**ACTIVITY**
Copy out the data from the line containing "No anúncio de" to its last line, exactly. No pictures.

======== DATA SHOWN

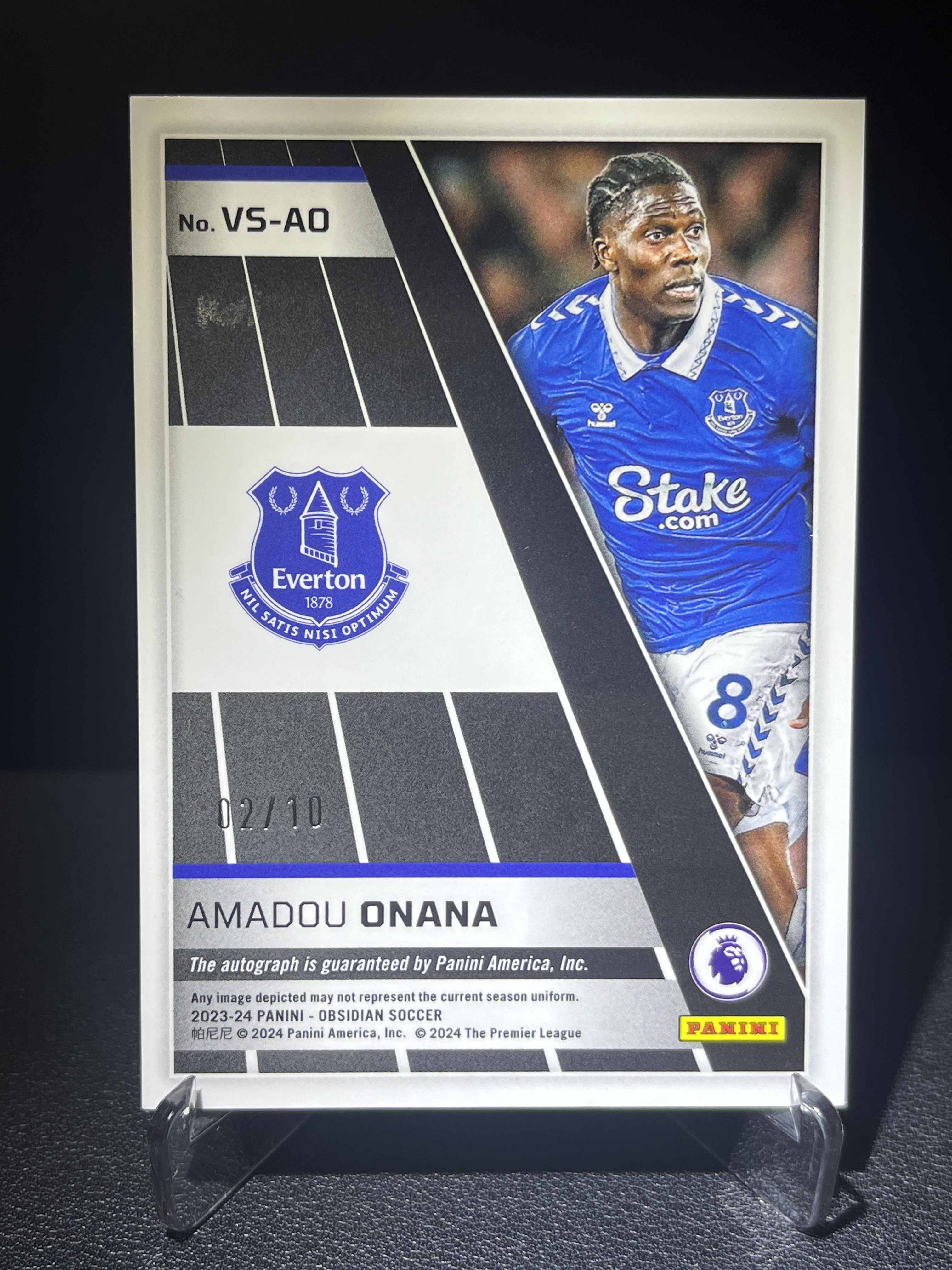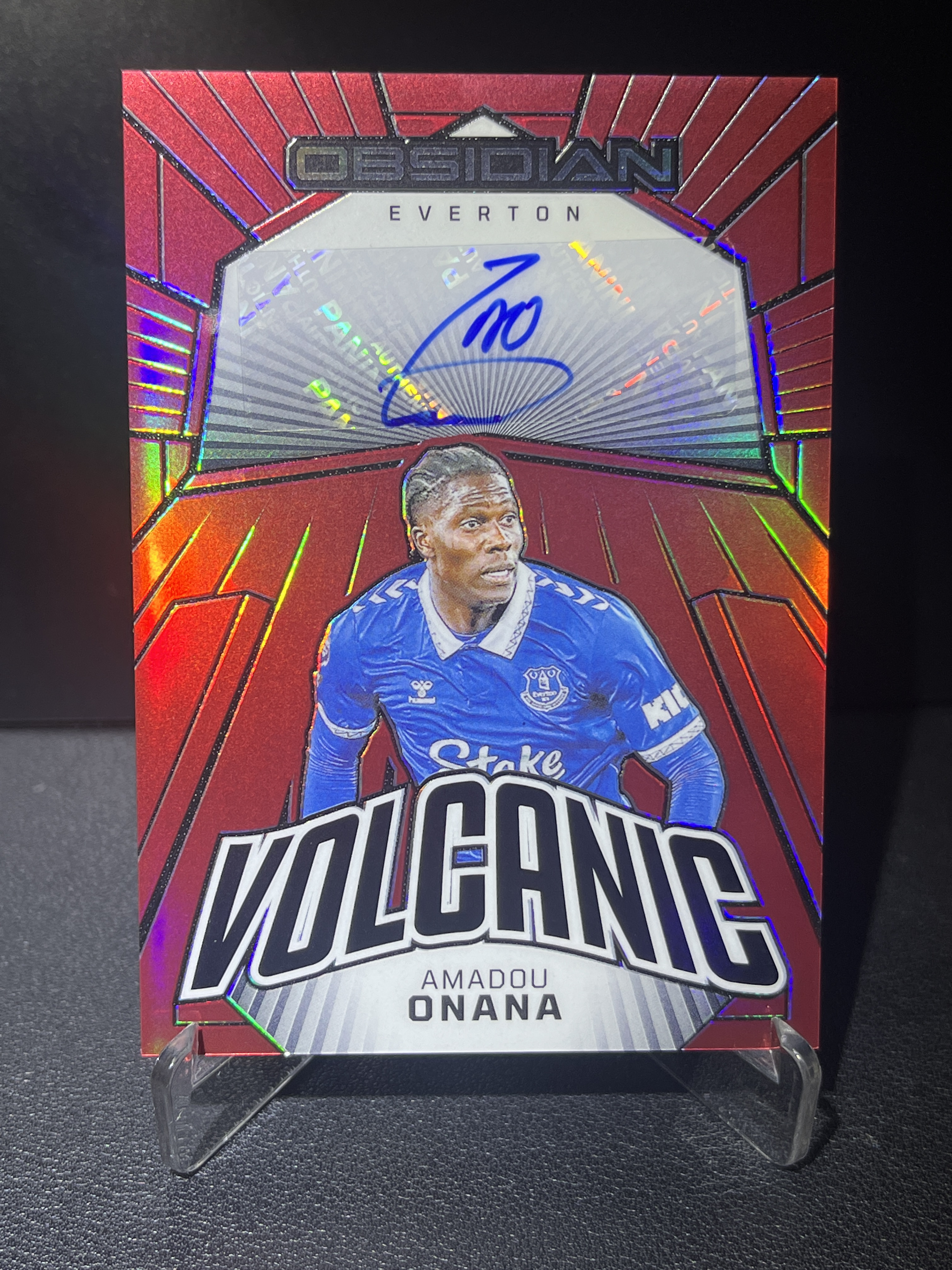 2023-24 Panini Obsidian Amadou Onana 【卡汇拍卖】埃弗顿 阿马杜 奥纳纳 黑曜石 02/10稀有 低编 红折签 火山爆发签 Volcanic 签字 特卡 卡品如图
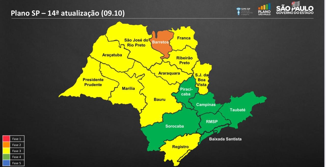 No anúncio de hoje 6 regiões foram para a faixa verde, entre elas Piracicaba, Campinas, Capital Paulista e Baixada Santista. Essas regiões podem funcionar por 12 horas os setores da economia.
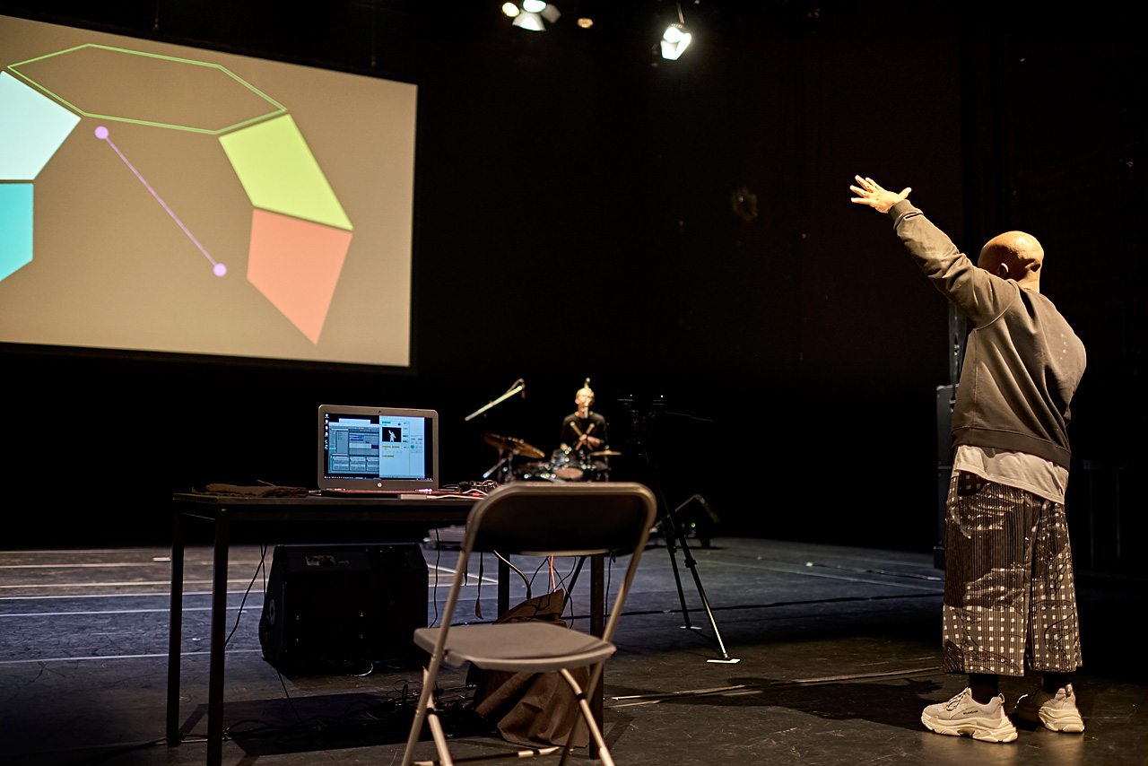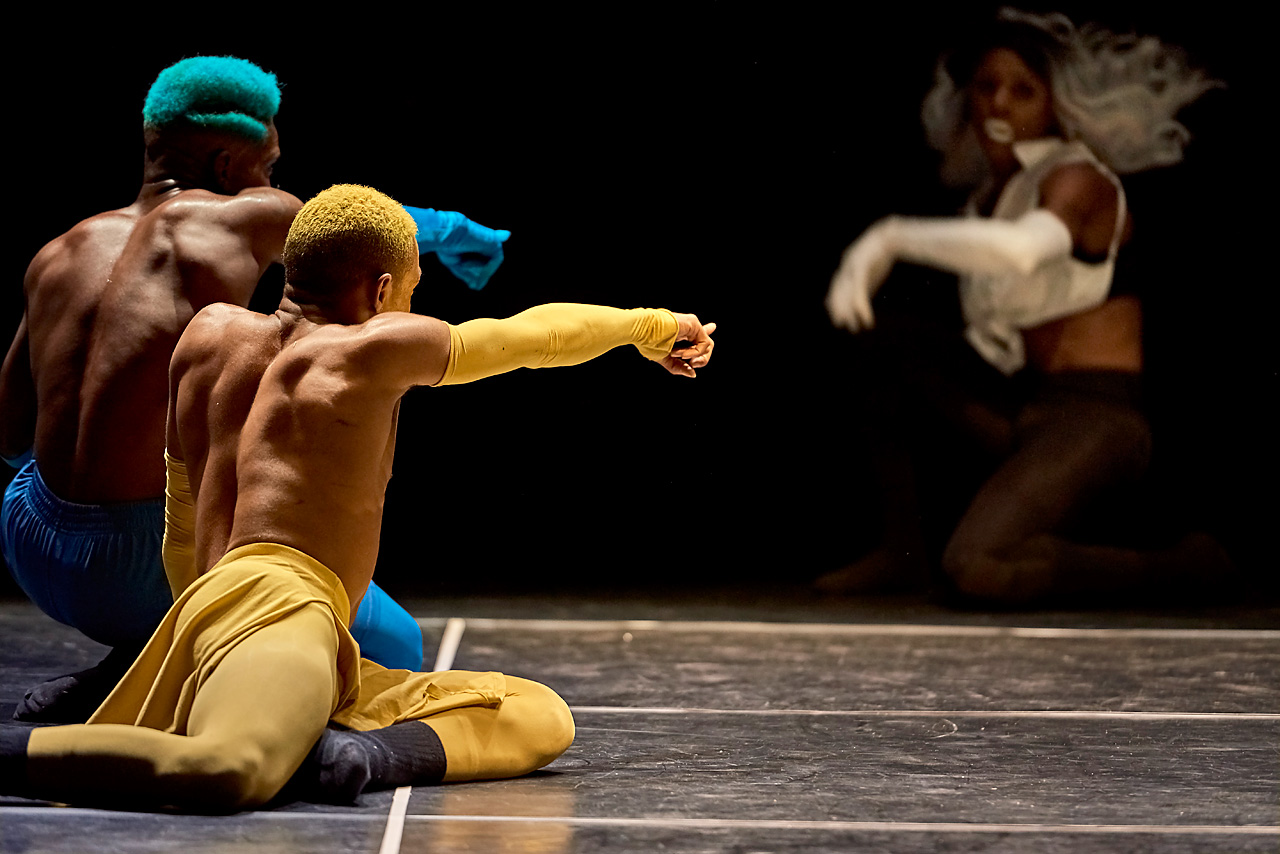 Par ailleurs, si la danse relève du “spectacle vivant”, le dispositif assume sa plasticité avec les nouvelles technologies d’information et de communication. Rashaad nous interpelle sur la façon dont-elle est médiatisée. Aujourd’hui, il n’y a pas un ball de vogue qui ne soit capté en stream, et commenté en live sur un compte Facebook. C’est également en image que FIVE décompose le beat, projeté sur une scène, qui nous fait nous interroger sur le rapport de la musique et de la danse, des couleurs et des visuels.
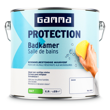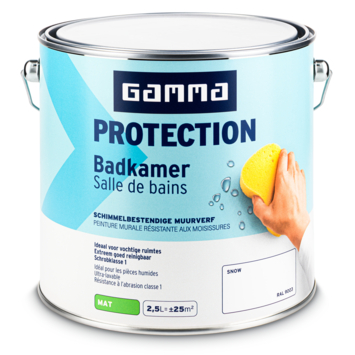 Met GAMMA Protection badkamer muurverf snow RAL 9003 mat 2,5 liter schilder je muren die dagelijks te maken krijgen met vocht en temperatuurschommelingen. Deze verf is door GAMMA ontwikkeld met een Protection technologie die een beschermende laag vormt. Die laag helpt schimmelvorming tegen te gaan en maakt de muur beter bestand tegen intensief gebruik in de badkamer.

================

**PROBLEM SOLUTION**
 No anúncio de hoje 6 regiões foram para a faixa verde, entre elas Piracicaba, Campinas, Capital Paulista e Baixada Santista. Essas regiões podem funcionar por 12 horas os setores da economia.
 Par ailleurs, si la danse relève du “spectacle vivant”, le dispositif assume sa plasticité avec les nouvelles technologies d’information et de communication. Rashaad nous interpelle sur la façon dont-elle est médiatisée. Aujourd’hui, il n’y a pas un ball de vogue qui ne soit capté en stream, et commenté en live sur un compte Facebook. C’est également en image que FIVE décompose le beat, projeté sur une scène, qui nous fait nous interroger sur le rapport de la musique et de la danse, des couleurs et des visuels.
 Met GAMMA Protection badkamer muurverf snow RAL 9003 mat 2,5 liter schilder je muren die dagelijks te maken krijgen met vocht en temperatuurschommelingen. Deze verf is door GAMMA ontwikkeld met een Protection technologie die een beschermende laag vormt. Die laag helpt schimmelvorming tegen te gaan en maakt de muur beter bestand tegen intensief gebruik in de badkamer.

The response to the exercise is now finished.